§ **DATA SECTION**

┏━━

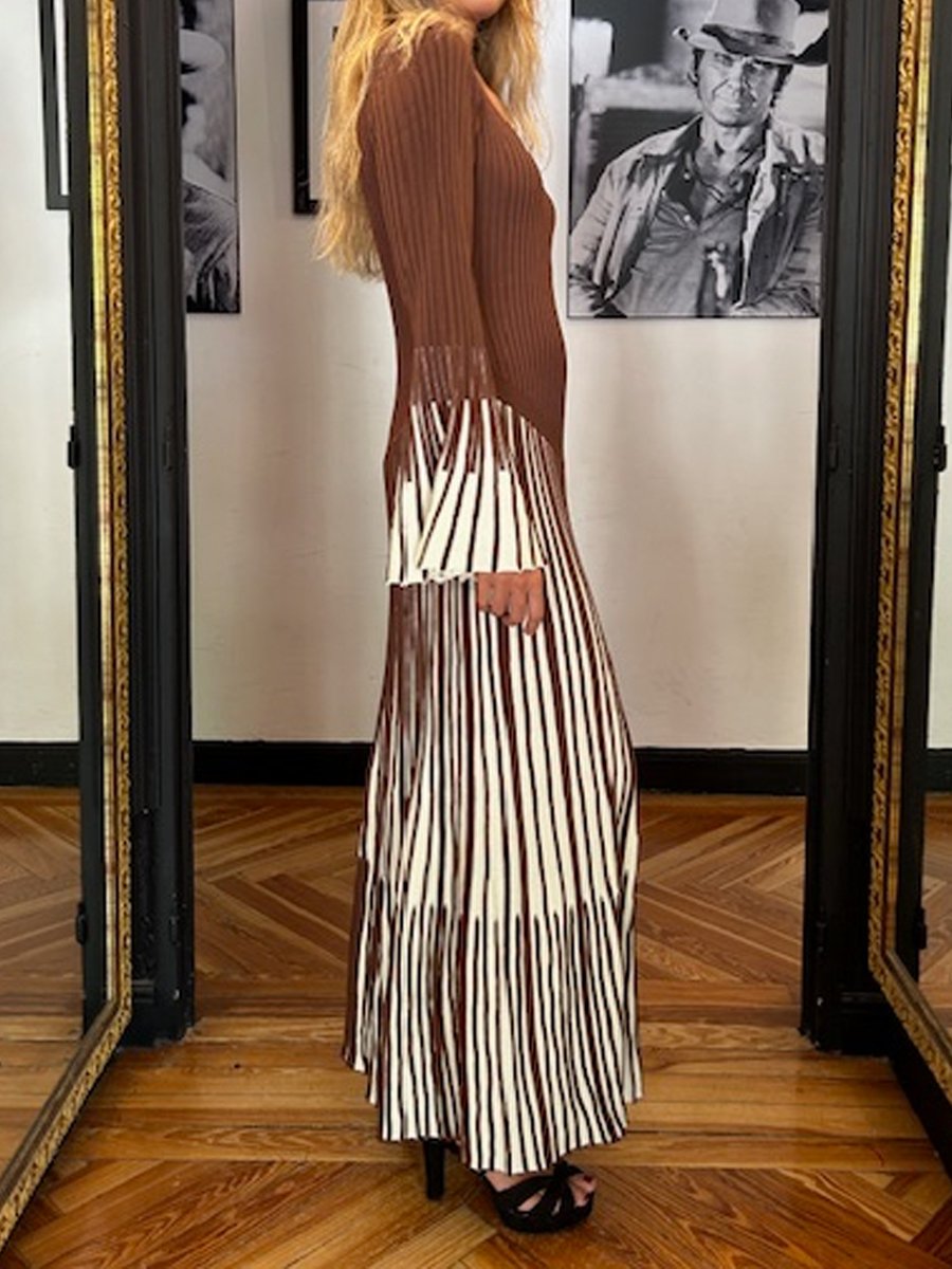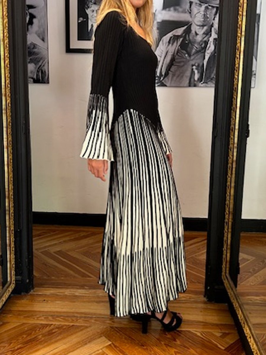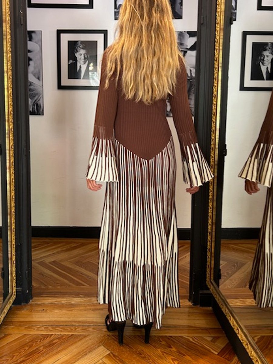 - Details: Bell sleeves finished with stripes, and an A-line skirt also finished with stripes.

┗━━
┏━━

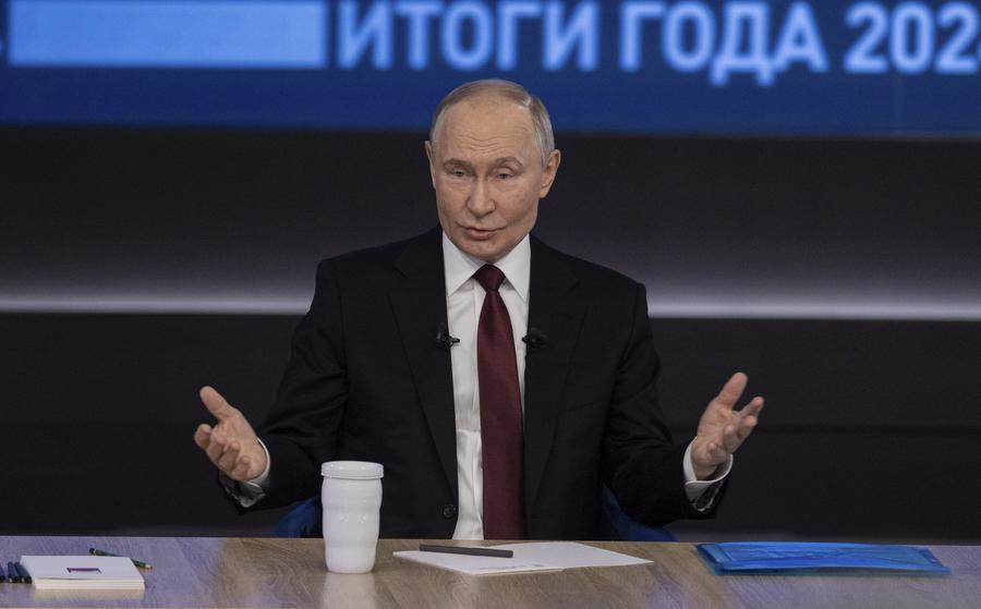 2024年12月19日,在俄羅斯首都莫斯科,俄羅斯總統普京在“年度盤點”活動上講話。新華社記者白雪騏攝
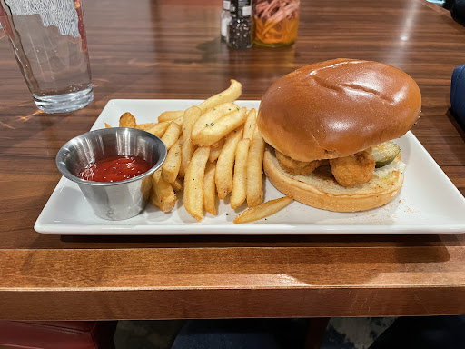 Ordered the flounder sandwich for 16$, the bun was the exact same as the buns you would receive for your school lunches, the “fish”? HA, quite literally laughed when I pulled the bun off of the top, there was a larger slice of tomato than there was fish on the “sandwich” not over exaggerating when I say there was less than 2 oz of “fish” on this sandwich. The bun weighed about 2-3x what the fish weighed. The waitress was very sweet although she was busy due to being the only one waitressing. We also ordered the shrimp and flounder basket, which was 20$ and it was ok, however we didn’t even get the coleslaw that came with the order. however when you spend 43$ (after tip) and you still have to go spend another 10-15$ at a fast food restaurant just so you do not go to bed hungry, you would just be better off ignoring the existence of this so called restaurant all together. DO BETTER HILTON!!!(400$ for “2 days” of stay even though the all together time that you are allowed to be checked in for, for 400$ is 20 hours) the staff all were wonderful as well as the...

┗━━

§ **WHAT YOU SHOULD DO**
Your answer is the exact run of lines above from the one with "2024年12月19日,在俄" through the one with "Ordered the flounder", both ends included, minus any picture.

§ **OUTPUT OF THE EXERCISE**
 2024年12月19日,在俄羅斯首都莫斯科,俄羅斯總統普京在“年度盤點”活動上講話。新華社記者白雪騏攝
 Ordered the flounder sandwich for 16$, the bun was the exact same as the buns you would receive for your school lunches, the “fish”? HA, quite literally laughed when I pulled the bun off of the top, there was a larger slice of tomato than there was fish on the “sandwich” not over exaggerating when I say there was less than 2 oz of “fish” on this sandwich. The bun weighed about 2-3x what the fish weighed. The waitress was very sweet although she was busy due to being the only one waitressing. We also ordered the shrimp and flounder basket, which was 20$ and it was ok, however we didn’t even get the coleslaw that came with the order. however when you spend 43$ (after tip) and you still have to go spend another 10-15$ at a fast food restaurant just so you do not go to bed hungry, you would just be better off ignoring the existence of this so called restaurant all together. DO BETTER HILTON!!!(400$ for “2 days” of stay even though the all together time that you are allowed to be checked in for, for 400$ is 20 hours) the staff all were wonderful as well as the...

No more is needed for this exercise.